How Haskell threads block

Posted on July 10, 2020 by wjwh

If you’ve played around with Haskell for any amount of time, you probably know it has a M:N threading model with many Haskell threads multiplexed by a userspace scheduler onto a few operating system (OS) threads. Since a Haskell thread uses much less memory than an OS thread, it becomes possible to spin up large numbers (hundreds of thousands to millions) of Haskell threads. This threading model has great benefits for readibility, since most programmers find it easier to follow a linear “top-to-bottom” path through the code than to follow along nested callbacks. There are also some drawbacks to this approach. For example, managing blocking system calls becomes much harder, since a thread that is doing a blocking operation cannot serve normal workloads. There is also much more bookkeeping to be done in the runtime, which would normally be left to the operating system.

In this post I’ll give a brief introduction to how the Haskell runtime system handles these problems. I will focus on the parts that handle blocking and scheduling of threads but there is much more to the runtime system, more than can feasably be covered in a single blog post. As a quick note, most of the information in this post covers Linux and other POSIX-compliant systems. Windows is not covered, as this post is already long enough. The Windows I/O subsystem is also being rewritten as we speak, so any detailed information would likely be out of date soon.

Blocking in Haskell land

In Haskell’s runtime system, a thread is just a data structure allocated on the heap like any other. This data structure is known as a Thread State Object (TSO) and contains a lot of different information regarding the code being run by the thread. Since at most as many threads can be running as there are processors available, the scheduler has to keep track of the runnable TSOs and schedule them one by one. For this purpose it keeps a “run queue” with TSOs. During every scheduler loop it takes the first TSO off the queue and runs it for a bit until its time slot is done (by default time slots are 20 ms, but you can tweak that). However, not all threads run until their time slot is up. It often happens that a Haskell thread depends on a result being computed by some other thread. In that case, the thread can do no more work until the result is available and should be scheduled out until the desired result is available.

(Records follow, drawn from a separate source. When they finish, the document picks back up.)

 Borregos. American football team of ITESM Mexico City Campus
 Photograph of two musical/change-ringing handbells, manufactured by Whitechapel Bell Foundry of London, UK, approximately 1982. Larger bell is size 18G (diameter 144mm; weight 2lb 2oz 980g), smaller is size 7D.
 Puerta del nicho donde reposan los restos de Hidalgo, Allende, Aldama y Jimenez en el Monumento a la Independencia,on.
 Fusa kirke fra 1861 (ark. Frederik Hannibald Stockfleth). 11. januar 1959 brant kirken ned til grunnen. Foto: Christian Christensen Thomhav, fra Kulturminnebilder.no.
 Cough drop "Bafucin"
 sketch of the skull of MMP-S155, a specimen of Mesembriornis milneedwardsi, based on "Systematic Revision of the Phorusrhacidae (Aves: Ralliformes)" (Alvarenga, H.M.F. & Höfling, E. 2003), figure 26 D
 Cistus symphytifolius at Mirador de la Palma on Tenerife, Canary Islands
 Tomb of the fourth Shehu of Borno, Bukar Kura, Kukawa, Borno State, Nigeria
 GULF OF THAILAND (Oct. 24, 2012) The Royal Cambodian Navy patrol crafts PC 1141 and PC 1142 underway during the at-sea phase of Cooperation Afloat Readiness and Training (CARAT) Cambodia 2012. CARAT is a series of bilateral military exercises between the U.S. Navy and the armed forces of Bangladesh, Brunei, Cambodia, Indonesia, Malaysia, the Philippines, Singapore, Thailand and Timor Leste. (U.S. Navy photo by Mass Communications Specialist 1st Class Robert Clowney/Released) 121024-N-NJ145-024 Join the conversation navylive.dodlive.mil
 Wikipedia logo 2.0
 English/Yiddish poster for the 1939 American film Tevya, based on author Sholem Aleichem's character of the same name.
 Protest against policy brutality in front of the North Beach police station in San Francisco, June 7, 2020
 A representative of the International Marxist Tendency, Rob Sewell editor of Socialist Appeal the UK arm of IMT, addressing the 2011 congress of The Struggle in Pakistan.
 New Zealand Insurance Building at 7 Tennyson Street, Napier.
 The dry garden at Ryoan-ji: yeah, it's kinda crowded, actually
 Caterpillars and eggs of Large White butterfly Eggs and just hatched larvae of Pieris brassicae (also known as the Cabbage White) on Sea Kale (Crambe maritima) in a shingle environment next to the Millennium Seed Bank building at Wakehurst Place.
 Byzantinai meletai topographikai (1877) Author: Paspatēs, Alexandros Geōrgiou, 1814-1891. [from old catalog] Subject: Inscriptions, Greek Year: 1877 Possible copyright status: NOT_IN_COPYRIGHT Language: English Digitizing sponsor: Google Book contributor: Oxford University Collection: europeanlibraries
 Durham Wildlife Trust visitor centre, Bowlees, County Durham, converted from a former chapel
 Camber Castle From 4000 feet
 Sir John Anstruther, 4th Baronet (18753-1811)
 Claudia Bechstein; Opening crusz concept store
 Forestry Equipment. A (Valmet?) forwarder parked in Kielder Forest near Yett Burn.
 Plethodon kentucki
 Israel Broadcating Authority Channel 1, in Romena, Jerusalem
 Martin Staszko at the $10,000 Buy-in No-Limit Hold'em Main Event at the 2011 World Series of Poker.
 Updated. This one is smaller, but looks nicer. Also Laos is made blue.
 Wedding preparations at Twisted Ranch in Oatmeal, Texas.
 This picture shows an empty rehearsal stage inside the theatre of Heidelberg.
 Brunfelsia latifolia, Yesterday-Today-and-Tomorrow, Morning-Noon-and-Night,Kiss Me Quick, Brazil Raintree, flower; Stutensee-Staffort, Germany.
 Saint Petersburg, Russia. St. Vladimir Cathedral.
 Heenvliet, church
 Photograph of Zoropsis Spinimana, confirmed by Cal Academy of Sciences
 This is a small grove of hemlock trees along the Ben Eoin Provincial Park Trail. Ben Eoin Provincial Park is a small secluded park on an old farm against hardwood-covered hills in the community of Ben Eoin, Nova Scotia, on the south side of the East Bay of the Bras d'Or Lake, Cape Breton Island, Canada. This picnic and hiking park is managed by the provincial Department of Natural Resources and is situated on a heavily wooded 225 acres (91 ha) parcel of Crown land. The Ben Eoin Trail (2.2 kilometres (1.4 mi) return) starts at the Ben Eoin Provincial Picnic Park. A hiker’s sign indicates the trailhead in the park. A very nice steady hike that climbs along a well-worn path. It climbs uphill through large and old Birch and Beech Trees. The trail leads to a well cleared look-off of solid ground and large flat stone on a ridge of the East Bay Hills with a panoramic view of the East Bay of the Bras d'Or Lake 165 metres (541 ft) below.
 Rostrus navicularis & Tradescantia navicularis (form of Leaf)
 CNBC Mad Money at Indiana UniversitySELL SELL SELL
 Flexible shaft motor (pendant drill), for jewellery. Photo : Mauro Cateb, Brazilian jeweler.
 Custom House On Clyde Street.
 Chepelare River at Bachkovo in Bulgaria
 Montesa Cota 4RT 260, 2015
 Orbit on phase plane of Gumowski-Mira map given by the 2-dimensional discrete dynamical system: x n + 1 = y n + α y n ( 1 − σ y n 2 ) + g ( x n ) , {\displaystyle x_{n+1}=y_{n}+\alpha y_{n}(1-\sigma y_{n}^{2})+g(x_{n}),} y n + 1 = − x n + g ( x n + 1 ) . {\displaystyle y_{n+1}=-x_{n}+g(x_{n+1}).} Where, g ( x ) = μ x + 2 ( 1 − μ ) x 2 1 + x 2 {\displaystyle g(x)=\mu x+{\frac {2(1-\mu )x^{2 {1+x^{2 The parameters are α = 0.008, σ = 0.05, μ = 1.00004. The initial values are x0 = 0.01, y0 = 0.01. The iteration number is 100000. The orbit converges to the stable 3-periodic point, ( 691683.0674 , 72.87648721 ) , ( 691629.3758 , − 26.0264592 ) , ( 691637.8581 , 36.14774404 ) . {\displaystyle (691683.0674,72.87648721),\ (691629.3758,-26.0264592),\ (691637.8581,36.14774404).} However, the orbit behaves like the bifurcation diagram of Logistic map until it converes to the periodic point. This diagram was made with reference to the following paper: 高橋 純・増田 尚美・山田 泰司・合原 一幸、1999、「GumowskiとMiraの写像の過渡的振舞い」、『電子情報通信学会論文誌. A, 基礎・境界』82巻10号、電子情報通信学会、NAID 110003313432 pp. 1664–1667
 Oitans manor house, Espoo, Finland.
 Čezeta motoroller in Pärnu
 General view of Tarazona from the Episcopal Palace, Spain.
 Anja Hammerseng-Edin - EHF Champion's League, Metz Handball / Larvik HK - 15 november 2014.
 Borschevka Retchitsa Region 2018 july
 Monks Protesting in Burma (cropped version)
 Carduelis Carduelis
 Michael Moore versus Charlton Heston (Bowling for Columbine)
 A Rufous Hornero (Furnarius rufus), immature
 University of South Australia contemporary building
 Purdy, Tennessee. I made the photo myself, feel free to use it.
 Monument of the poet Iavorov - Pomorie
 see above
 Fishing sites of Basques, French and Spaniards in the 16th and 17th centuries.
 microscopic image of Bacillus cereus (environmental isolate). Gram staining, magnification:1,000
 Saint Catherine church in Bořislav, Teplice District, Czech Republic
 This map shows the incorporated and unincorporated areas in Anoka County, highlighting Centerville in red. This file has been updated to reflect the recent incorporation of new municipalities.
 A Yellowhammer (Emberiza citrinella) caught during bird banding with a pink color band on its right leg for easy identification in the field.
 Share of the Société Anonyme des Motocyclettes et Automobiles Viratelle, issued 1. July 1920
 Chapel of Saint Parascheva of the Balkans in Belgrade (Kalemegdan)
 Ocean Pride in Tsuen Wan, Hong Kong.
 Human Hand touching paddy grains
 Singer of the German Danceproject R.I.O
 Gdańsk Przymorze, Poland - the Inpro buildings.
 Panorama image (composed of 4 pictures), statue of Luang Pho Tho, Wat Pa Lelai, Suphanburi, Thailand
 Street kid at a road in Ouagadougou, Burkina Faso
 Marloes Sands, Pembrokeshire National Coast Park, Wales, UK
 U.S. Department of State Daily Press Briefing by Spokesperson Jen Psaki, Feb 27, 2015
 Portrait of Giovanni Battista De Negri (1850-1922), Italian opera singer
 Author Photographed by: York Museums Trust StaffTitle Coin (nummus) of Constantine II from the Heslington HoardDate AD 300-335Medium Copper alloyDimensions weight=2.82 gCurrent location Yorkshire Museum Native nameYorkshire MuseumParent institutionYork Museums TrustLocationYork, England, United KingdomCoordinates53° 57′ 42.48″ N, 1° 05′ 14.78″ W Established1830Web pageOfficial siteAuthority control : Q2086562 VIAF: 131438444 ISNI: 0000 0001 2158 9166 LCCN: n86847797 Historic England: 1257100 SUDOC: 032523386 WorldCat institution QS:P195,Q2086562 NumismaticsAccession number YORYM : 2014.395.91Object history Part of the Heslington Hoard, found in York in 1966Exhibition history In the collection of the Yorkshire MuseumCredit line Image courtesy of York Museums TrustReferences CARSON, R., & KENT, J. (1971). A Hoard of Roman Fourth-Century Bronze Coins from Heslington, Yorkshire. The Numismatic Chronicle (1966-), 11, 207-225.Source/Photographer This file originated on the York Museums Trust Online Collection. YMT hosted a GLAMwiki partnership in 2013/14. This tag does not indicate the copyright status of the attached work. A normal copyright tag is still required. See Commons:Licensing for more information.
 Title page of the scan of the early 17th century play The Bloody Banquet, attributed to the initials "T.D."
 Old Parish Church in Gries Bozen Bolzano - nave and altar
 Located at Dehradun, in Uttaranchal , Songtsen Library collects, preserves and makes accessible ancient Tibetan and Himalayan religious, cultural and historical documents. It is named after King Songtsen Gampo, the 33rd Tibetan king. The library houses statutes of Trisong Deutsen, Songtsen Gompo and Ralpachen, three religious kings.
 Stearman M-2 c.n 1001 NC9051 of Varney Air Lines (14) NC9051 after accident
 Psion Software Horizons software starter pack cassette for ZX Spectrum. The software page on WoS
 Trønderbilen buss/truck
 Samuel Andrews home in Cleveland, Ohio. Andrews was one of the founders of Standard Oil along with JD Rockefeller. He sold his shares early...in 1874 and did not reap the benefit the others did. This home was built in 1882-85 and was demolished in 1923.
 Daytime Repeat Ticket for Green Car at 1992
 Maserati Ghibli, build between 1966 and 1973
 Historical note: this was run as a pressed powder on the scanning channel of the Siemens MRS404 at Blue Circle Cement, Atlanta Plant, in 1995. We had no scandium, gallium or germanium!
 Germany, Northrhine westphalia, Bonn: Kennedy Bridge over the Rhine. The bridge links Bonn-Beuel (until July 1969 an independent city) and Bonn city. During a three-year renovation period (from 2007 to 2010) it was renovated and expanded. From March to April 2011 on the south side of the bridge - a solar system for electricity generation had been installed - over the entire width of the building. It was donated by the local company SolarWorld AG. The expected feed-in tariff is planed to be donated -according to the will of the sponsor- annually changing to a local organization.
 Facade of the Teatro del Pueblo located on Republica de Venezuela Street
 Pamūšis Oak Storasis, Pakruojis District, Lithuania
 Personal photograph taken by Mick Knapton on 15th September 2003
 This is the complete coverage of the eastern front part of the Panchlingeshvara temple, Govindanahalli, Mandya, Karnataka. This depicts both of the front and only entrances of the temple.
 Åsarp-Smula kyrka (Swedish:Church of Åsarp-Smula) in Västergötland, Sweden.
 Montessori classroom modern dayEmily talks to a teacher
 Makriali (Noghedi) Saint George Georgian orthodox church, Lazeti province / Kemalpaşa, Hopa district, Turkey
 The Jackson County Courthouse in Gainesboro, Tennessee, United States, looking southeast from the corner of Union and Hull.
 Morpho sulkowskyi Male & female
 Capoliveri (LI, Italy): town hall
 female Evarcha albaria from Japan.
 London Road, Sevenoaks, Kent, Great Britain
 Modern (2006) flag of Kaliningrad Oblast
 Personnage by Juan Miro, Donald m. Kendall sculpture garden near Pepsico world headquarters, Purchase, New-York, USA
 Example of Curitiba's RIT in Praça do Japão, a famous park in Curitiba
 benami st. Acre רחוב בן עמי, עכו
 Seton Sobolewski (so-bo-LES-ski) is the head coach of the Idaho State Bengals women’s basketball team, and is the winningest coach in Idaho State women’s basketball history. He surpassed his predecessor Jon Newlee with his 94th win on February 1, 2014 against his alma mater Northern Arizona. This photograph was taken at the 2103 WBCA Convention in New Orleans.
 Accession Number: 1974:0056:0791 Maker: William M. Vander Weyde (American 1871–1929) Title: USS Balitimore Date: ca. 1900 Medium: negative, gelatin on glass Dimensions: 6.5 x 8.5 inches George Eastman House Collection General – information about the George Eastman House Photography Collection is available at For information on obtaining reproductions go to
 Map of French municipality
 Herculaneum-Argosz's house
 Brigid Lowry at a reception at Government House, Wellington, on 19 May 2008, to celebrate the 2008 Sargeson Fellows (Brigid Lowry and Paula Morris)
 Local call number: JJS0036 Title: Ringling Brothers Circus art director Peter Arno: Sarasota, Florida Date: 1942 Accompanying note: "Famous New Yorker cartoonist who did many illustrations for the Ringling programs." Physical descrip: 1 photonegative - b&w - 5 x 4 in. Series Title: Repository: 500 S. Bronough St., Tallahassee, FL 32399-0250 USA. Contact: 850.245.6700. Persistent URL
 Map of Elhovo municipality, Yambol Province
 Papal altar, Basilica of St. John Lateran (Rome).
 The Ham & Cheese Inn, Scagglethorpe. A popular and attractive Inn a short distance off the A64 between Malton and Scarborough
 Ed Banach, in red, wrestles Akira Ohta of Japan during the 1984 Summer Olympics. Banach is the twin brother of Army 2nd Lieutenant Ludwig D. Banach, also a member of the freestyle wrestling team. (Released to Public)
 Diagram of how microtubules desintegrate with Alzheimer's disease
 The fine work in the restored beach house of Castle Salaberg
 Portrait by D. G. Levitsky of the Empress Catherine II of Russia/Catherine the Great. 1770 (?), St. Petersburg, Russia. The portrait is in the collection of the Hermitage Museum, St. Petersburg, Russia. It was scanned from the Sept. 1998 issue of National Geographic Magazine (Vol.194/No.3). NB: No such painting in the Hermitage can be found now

The first class of possible blocks is caused by Haskell threads waiting for other Haskell threads. This might, for example, be the case in a producer-consumer type of situation spread over multiple threads, where there is one consumer thread waiting for results generated by multiple producer threads. Almost all such synchronisation is done by blocking on an MVar or one of its variations, like the TMVar. MVars are pretty interesting data structures: they are high level enough to present a useful interface to application programmers but their implementation hooks directly into the runtime system.

Structurally, an MVar consists of a reference to a possible value and two queues for threads currently blocked on the MVar trying to read (if the MVar is empty) or write (if it is full).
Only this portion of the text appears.